Exercise aim » Beginning with the line containing "Atkins Day Break, Chocolate" and ending with the line containing "Il personaggio è", write out each line of the records below exactly; pictures and lines outside that range are left out.

++++ Given data

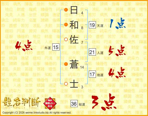 日(4画)和(8画)佐(7画) 蒼(14画)士(3画)
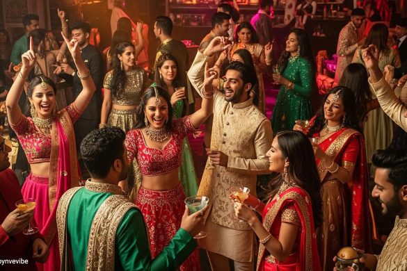 13# A shimmery number by Siddhartha Tytler is perfect for the night out in the city and exudes confidence with the plunge neckline and bootleg pants.
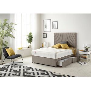 This Divan Bed Set with Sprung Memory Foam Mattress and upholstered Headboard will make a statement within your room. This environmentally friendly luxury bed set is made using timber sourced from renewable and managed forests. The upholstered headboard is visually stunning, finished in a matching Tweed Fabric with sectioned panels representing the rays of a rising sun. The soft cushioned panels make it ideal for sitting up in bed. Choose from a range of colours and variations, No Draw Beds, Storage Beds with 2 Drawers or 4 Drawers, as well as an option for a 1 Draw Foot end Bed. Drawers will arrive fitted, operating on ball bearing glides ready to use. Memory Foam Mattress: Sprung memory foam mattress has a medium feel and is approximately 24cm in depth. The mattress gives support to your body while ensuring air circulation to regulate temperature and provide comfort to give you a blissful nights’ sleep. The added layers of luxury fillings ensure the mattress has a supported yet comfortable feel; these fillings are also extremely breathable and will help to regulate temperature. Hypoallergenic mattress, preventing dust-mites and creating an allergen free sleeping environment. Finished in a soft touch knitted fabric and expertly hand tufted to create a more desirable sleeping surface that contours to your body while also adding a luxurious look & feel to your mattress. Manufactured in the UK, meeting and exceeding all British standards of quality and safety. Fire retardant mattress. 2FT6 and 3FT divan bases arrive as 1 piece, 4FT and above arrive as 2 pieces, connected using the U clips provided. Mattress will arrive flat packed. Fairmont Park Colour: Charcoal, Size: Small Double (4'), Storage Type: 4 Drawers
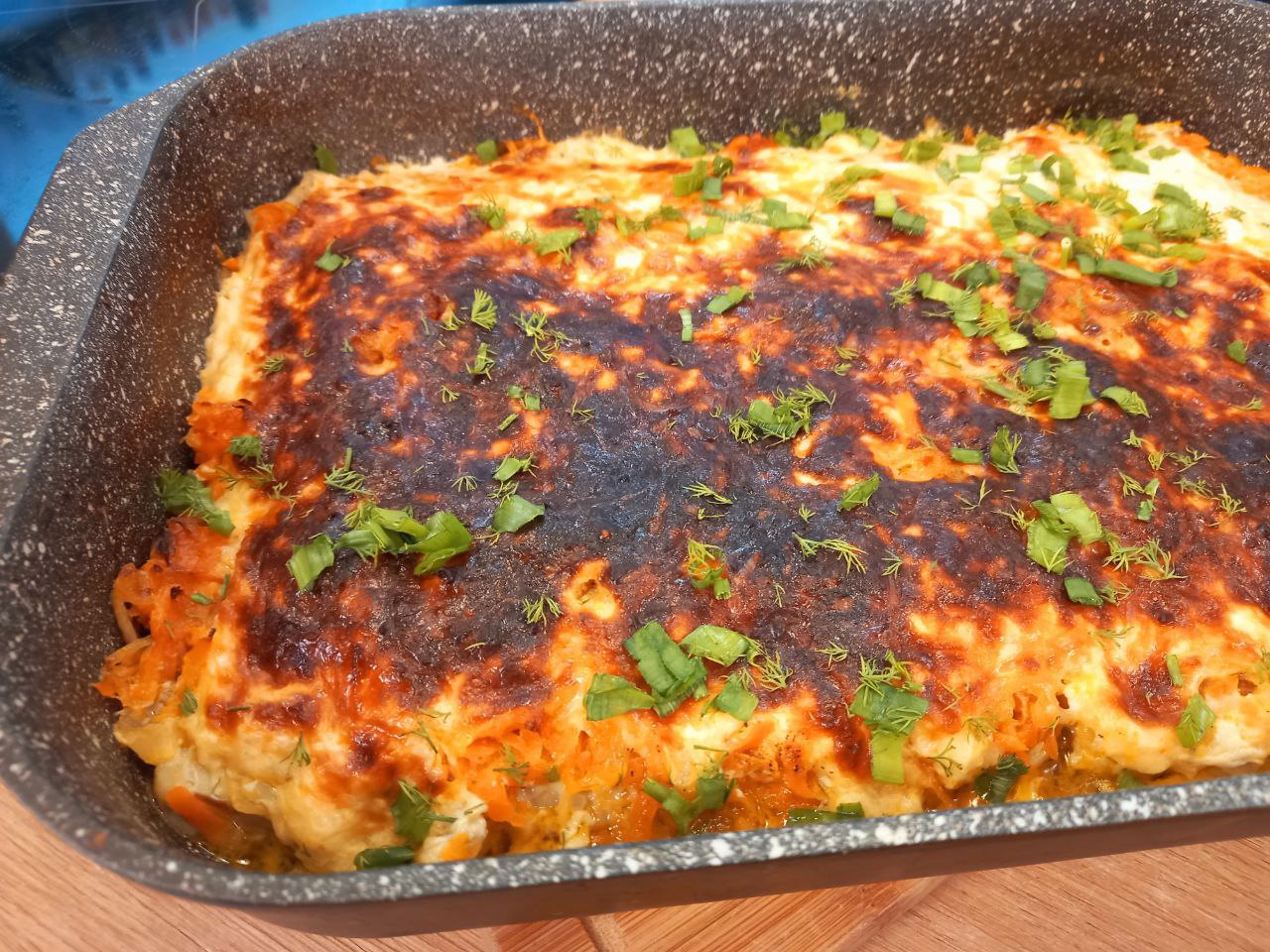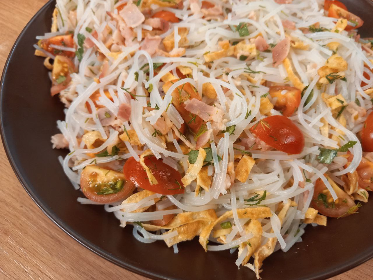 2. На кухне тоже проявим смелость. Нарядим рыбку аппетитной шапочкой и дополним тёплый салат с фунчозой необычными ингредиентами.
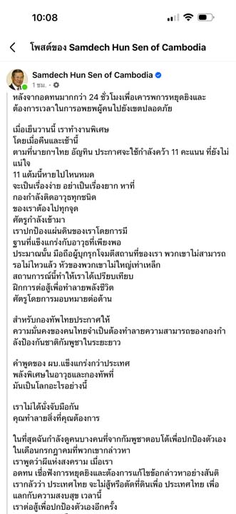 9 ธันวาคม 2568 ฮุน เซน ประธานวุฒิสภากัมพูชา โพสต์ข้อความบนเฟซบุ๊กส่วนตัว อ้างว่ากัมพูชาตัดสินใจตอบโต้เพิ่มเติมแล้ว หลังอดทนมากว่า 24 ชั่วโมง เนื่องจากไทยเปิดปฏิบัติการทวงคืนอธิปไตยและตอบโต้การโจมตีจากฝ่ายกัมพูชา
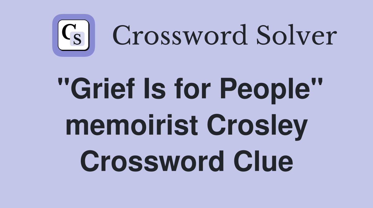 quot Grief Is for People quot memoirist Crosley Crossword Clue Answers
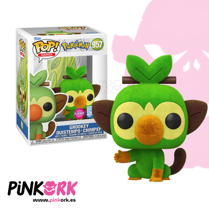 En Pinkork, tu tienda de artículos Funko Pop! referencia en España, puedes comprar figuras exclusivas como este Grookey Flocked Special Edition. ¿Buscas Funkos de Pokémon con acabados especiales o de tus iniciales favoritos? ¡En Pinkork siempre tenemos las últimas novedades y versiones irresistibles para los verdaderos fans!
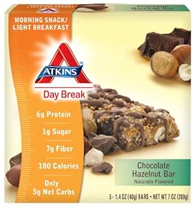 Atkins Day Break, Chocolate Hazelnut Bar, 1.40 oz Bars, 5 count box ( pack of 2)
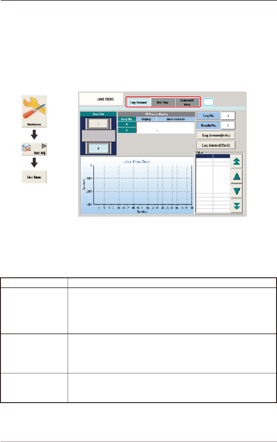 La schermata "LINE MEAS" è dotata delle tre schede che seguono. Quando
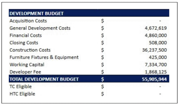 The pro forma for the city’s proposed affordable housing project estimated the entire development would cost nearly $56 million, with about $36 million of it funding construction alone. | Image from the city’s pro forma
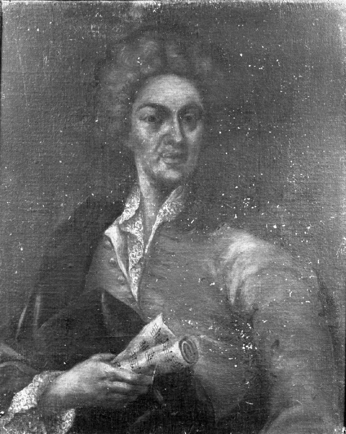 Il personaggio è ritratto fino alla vita; tiene nella destra uno spartito musicale arrotolato e porta sulla spalla destra una sorta di mantello che scende come un drappo fin sul davanti. La giacca aperta lascia vedere una camicia di pizzo. Porta una lunga parrucca. La cornice è dipinta di nero, con i bordi dorati
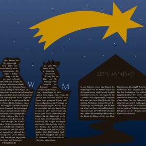 20*C+M+B+17 schreiben oder kleben die Sternsinger über oder an die Türen der Häuser. Es ist eine Kombination aus Jahreszahl, dem Stern von Bethlehem, drei Kreuzen als Zeichen für den dreifaltigen Gott und den Anfangsbuchstaben der Worte «Christus Mansionem Benedicat» – Christus segne dieses Haus. Dass die Schweizer Sternsinger-Gruppe aus St. Gallen zum Jahresbeginn 2017 an der Neujahrsmesse mit Papst Franzsikus teilnehmen konnte, mag andere Kinder begeistern und dazu beitragen, dass die Solidaritätsaktion weiterhin wächst.
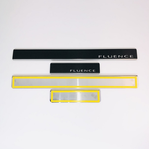 Накладки на пороги КАРБОН (с надписью Fluence) из нержавеющей, полированной стали. Марка стали AISI 304, Италия. Накладки на пороги подходят для автомобиля RENAULT Fluence (Рено Флюенс) с 2010 года выпуска.
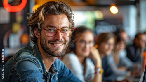 A man with glasses and a denim jacket flashes a cheerful smile while working in a vibrant office. Several colleagues are seated next to him, busy with their tasks.
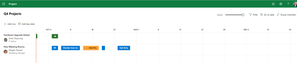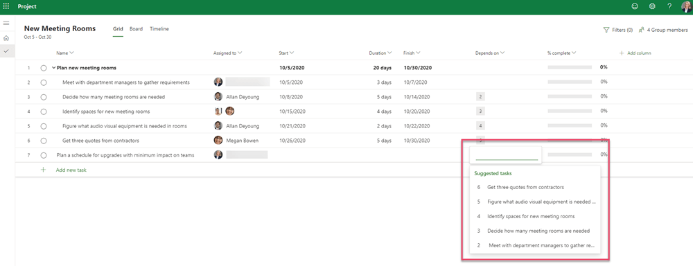 In the next section, you’ll see how to plan a project to install new meeting rooms with Project for the web.

++++++++

Response area »
 Atkins Day Break, Chocolate Hazelnut Bar, 1.40 oz Bars, 5 count box ( pack of 2)
 La schermata "LINE MEAS" è dotata delle tre schede che seguono. Quando
 The pro forma for the city’s proposed affordable housing project estimated the entire development would cost nearly $56 million, with about $36 million of it funding construction alone. | Image from the city’s pro forma
 Il personaggio è ritratto fino alla vita; tiene nella destra uno spartito musicale arrotolato e porta sulla spalla destra una sorta di mantello che scende come un drappo fin sul davanti. La giacca aperta lascia vedere una camicia di pizzo. Porta una lunga parrucca. La cornice è dipinta di nero, con i bordi dorati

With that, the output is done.